• What the task asks: Copy the opening lines of the listing exactly, through and including the line with "Selçuk Üniversitesi Teknoloji"; do not copy any pictures.

──────── Task material

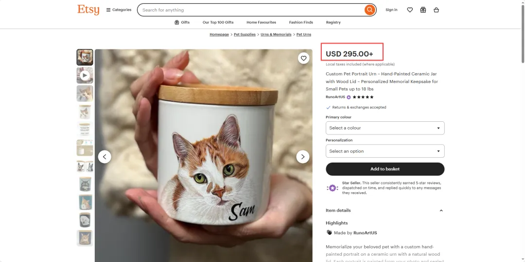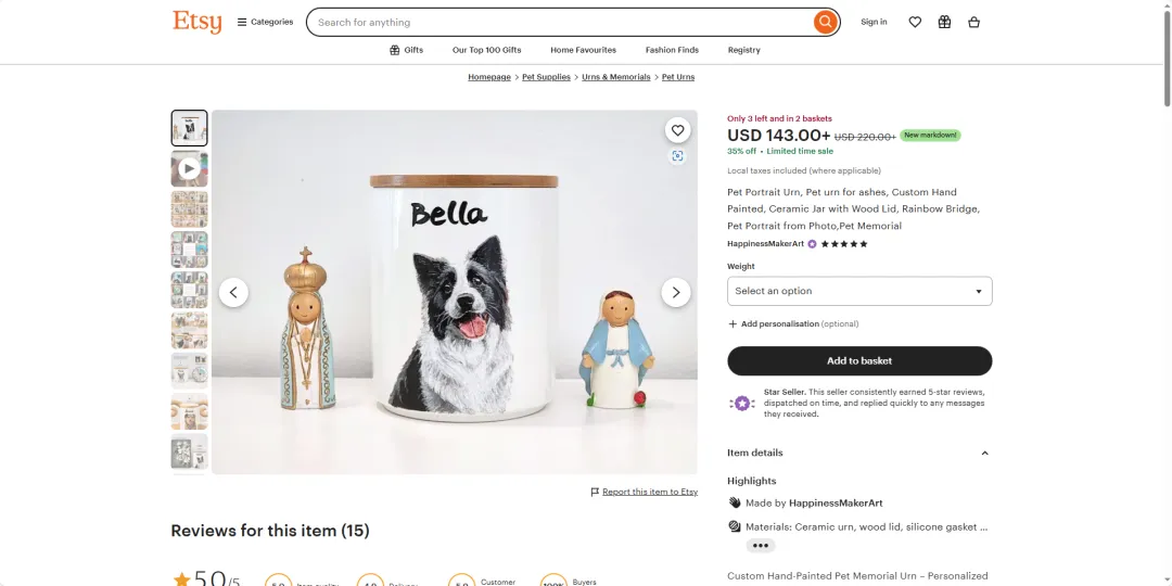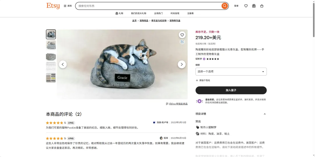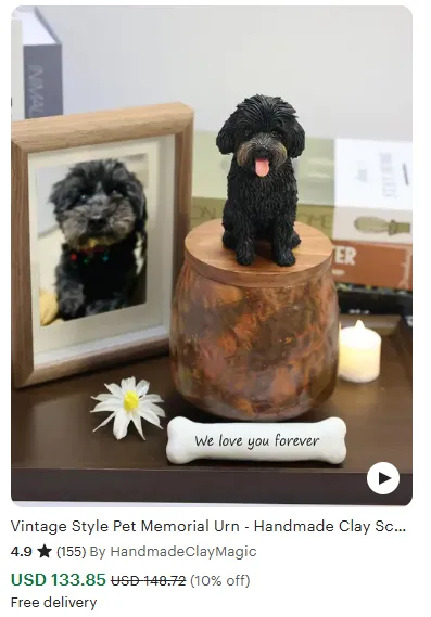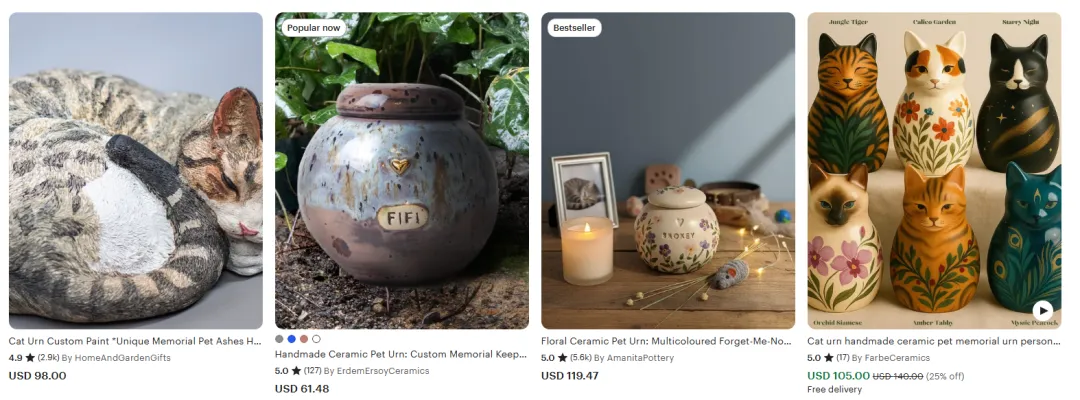 宠物骨灰盒的 “情感纪念 + 手工定制 + 材质安全” 属性与Etsy平台生态 100% 匹配,一些高净值客群愿意为 “宠物最后的尊严” 支付溢价。
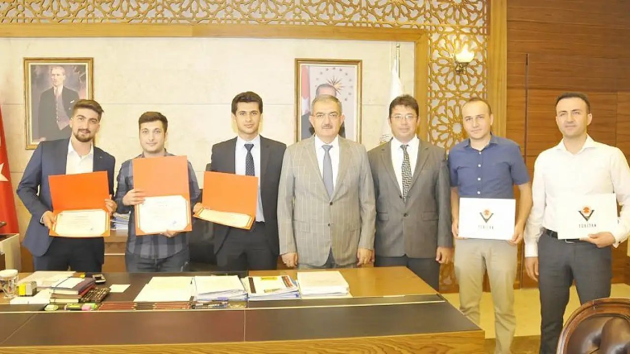 Selçuk Üniversitesi Teknoloji Fakültesi Bilgisayar Mühendisliği Bölümü TÜBİTAK bölge birincisi öğrencilerini Rektör Şahin, makamında kabul etti.
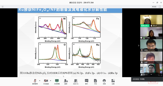 牛思祺主要介绍了一种镍铁基高效电解水催化剂的设计和制备,以泡沫镍作为集流体,进一步提升材料的催化性能,并且通过复合以及掺杂等手段优化材料的电解水活性,最终实现高效全解水。王亚辉报告的主要内容基于目前电子信息技术的发展,电磁波辐射带来的电磁污染也日益严重,为减少电磁污染,借助碳化物优异的化学稳定性,耐腐蚀,良好的介电性能,实现了在电磁波吸收的应用。洪伟钊主要报告内容是根据硼化物作为一种新型的功能材料,在超导材料、高温陶瓷材料、催化等领域具有广泛的应用。但是,硼化物的合成一般需要在高温高压下进行,或者使用硼氢化钠、硼化镁等强还原剂,报告人基于此提出了一种简捷、安全的低温硼热还原方法。李蒙刚的报告从贵金属(Pt/Pd)基多金属合金纳米材料的可控合成和表界面调控等方面着手,开发了一种高性能燃料电池及全解水电催化剂,构建出结构-性能之间的关系。
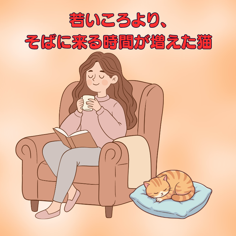 若いころは気ままに好きな場所で過ごしていた子が、シニアになると人の気配がある場所を選ぶようになることがあります。足元に座る、近くで眠る、何も言わずそっと同じ部屋にいる。そんな変化が増えてくると、「この子、前よりそばにいるな」と感じることもあります。
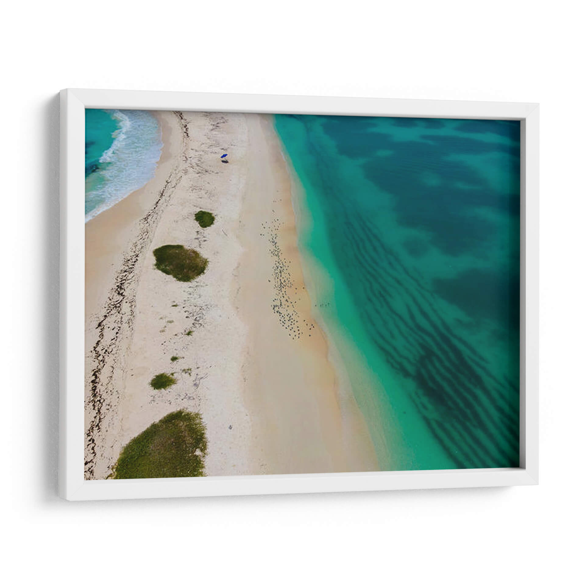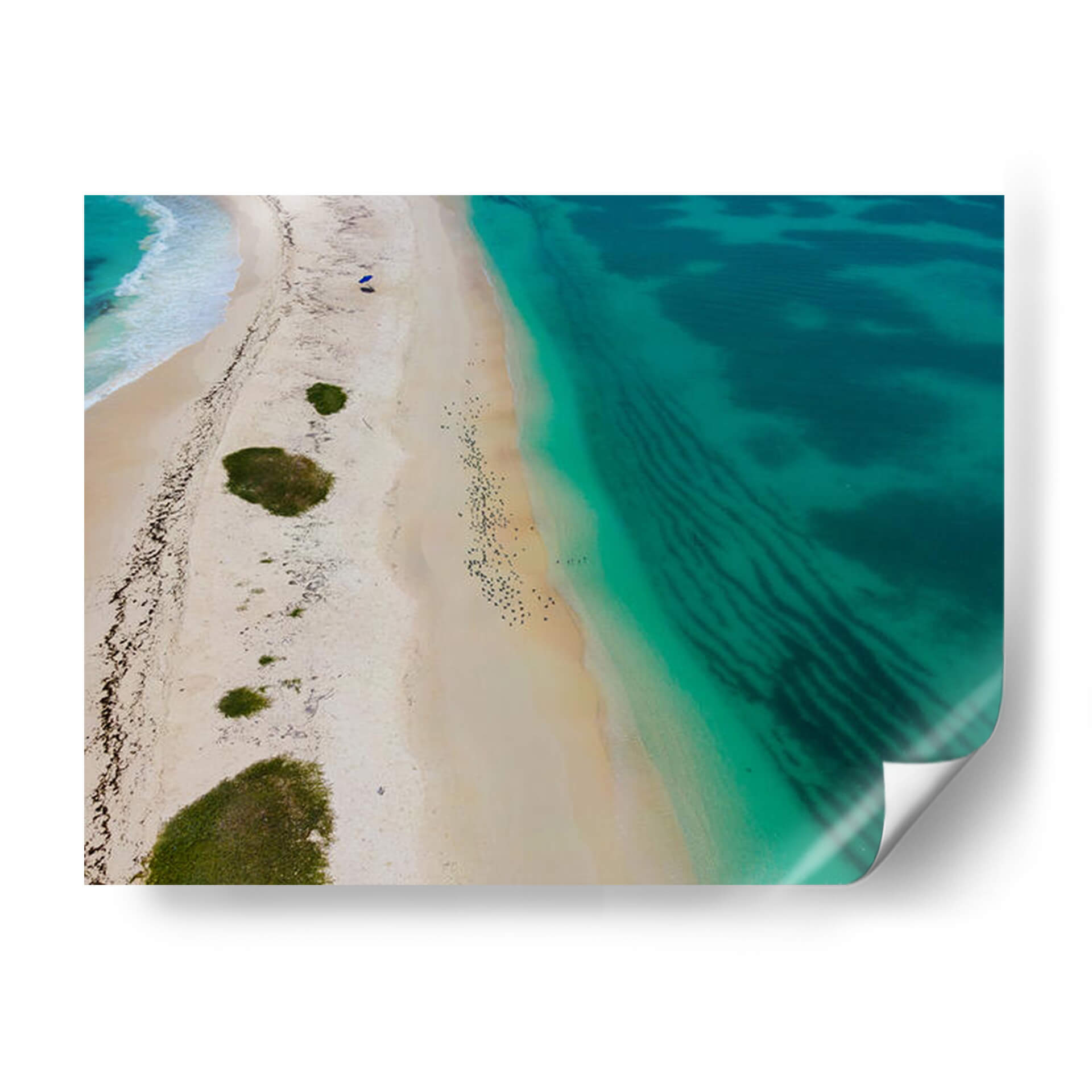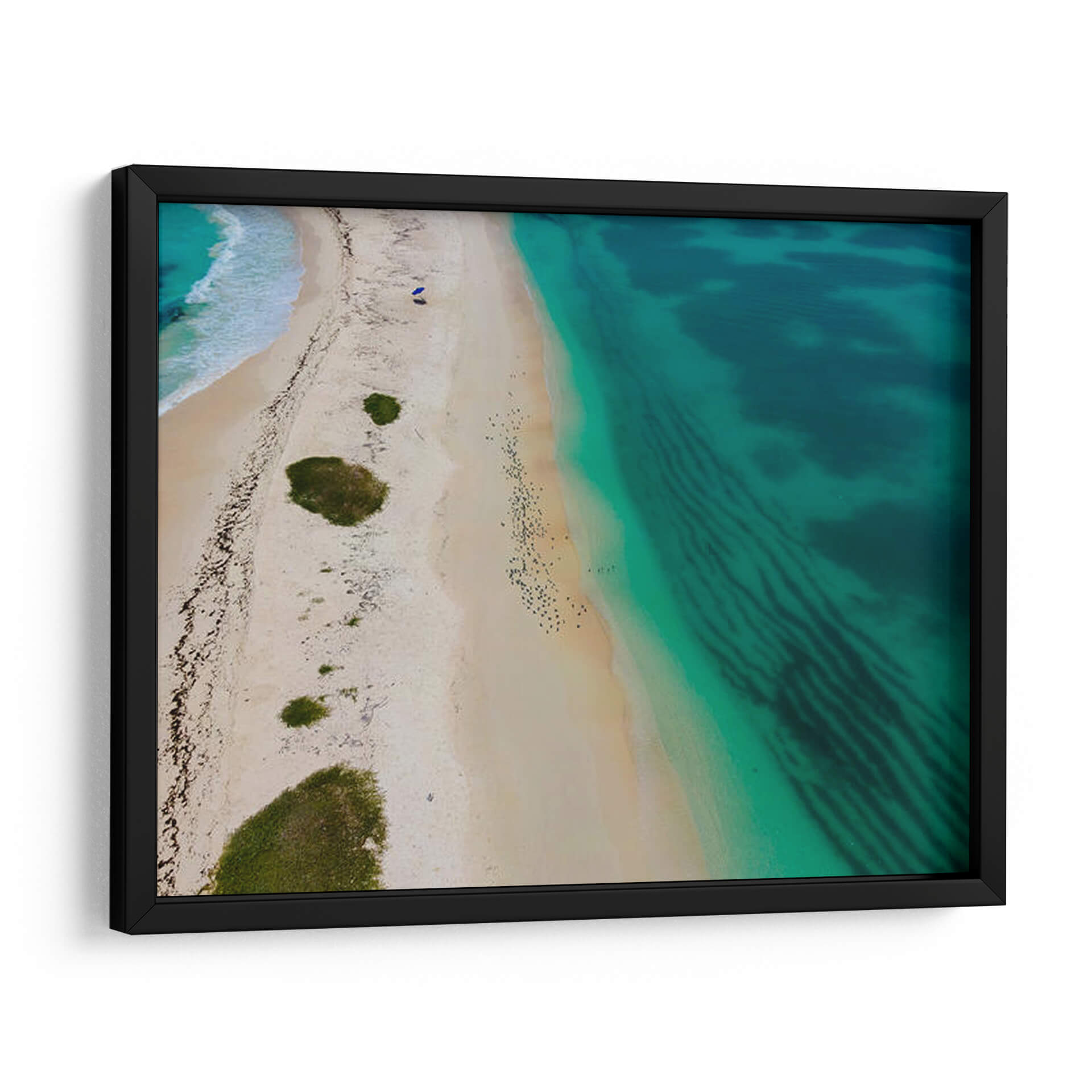 Sumérgete en la serena belleza de "Ni tan solos", una obra de arte que captura la esencia de una playa idílica desde una perspectiva aérea. Este cuadro decorativo te transportará a costas tranquilas con sus vibrantes tonos turquesa del mar que contrastan con la suave arena dorada. La composición, que parece una vista de dron, revela patrones hipnóticos creados por las corrientes submarinas y la línea de costa sinuosa, salpicada de vegetación verde esmeralda. La presencia sutil de un paraguas azul y pequeñas figuras humanas en la distancia añade un toque de escala y narración, evocando una sensación de paz y escapismo. "Ni tan solos" es perfecto para infundir calma y un aire vacacional en cualquier espacio, ya sea tu sala de estar, dormitorio o incluso una oficina que necesite un respiro visual. Transforma tu hogar en un santuario de tranquilidad con este impresionante paisaje marino, ideal para amantes de la naturaleza y aquellos que buscan una conexión con el mar. Su estilo contemporáneo y la paleta de colores refrescante lo convierten en una adición versátil y cautivadora a cualquier decoración.
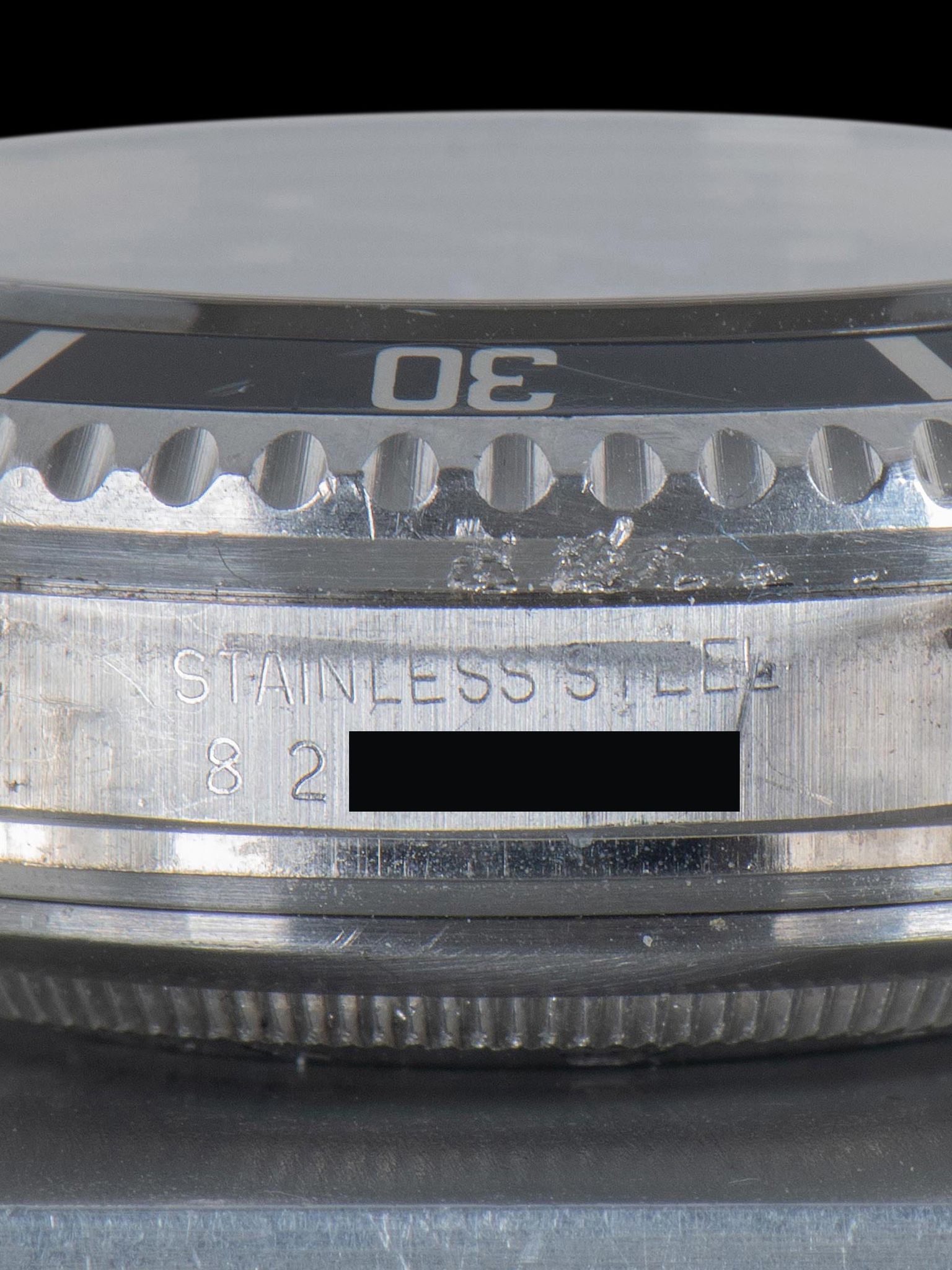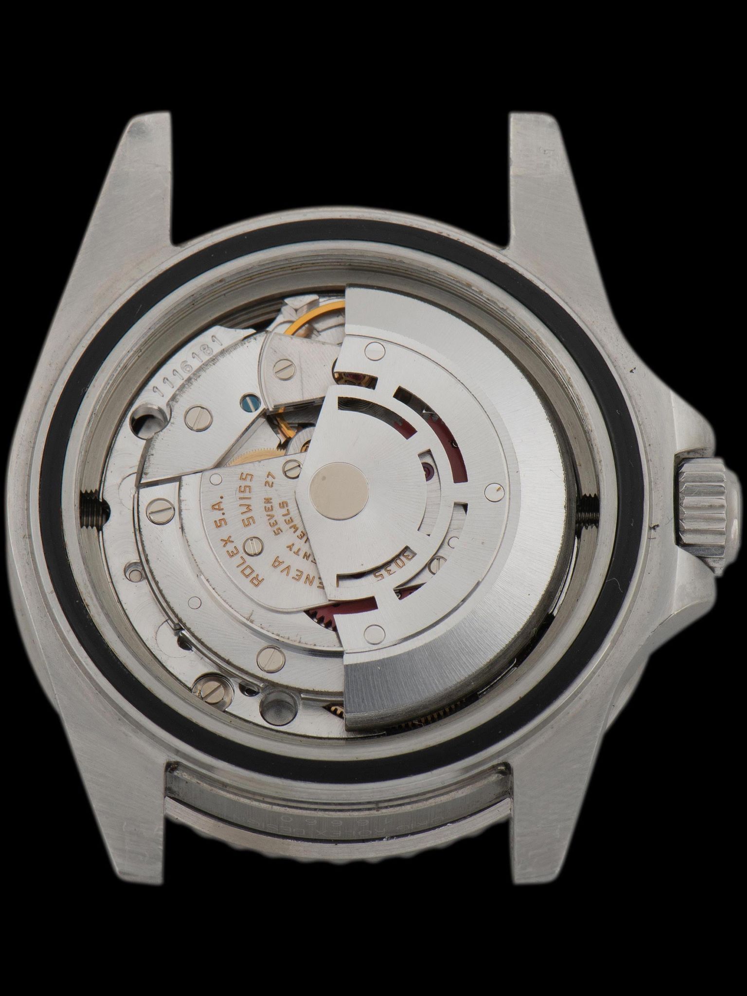 The excellent case retains full and symmetrical lugs that retain slight chamfers, exhibit minimal evidence of being previously polished, and show honest signs of use. The original bezel insert is in exceptional condition, showing nominal elements of previous wear, and retains its tritium pearl, which features a deep caramel patina. The case back shows gentle wear and retains the factory engravings in deep and crisp condition. The original Rolex 93160 Oyster bracelet with solid 592 end pieces retains 11 links along with the integrated diver's extension and will fit up to a 7 1/2 inch wrist, with light stretch present.

────────────────

• Answer for the task:
 宠物骨灰盒的 “情感纪念 + 手工定制 + 材质安全” 属性与Etsy平台生态 100% 匹配,一些高净值客群愿意为 “宠物最后的尊严” 支付溢价。
 Selçuk Üniversitesi Teknoloji Fakültesi Bilgisayar Mühendisliği Bölümü TÜBİTAK bölge birincisi öğrencilerini Rektör Şahin, makamında kabul etti.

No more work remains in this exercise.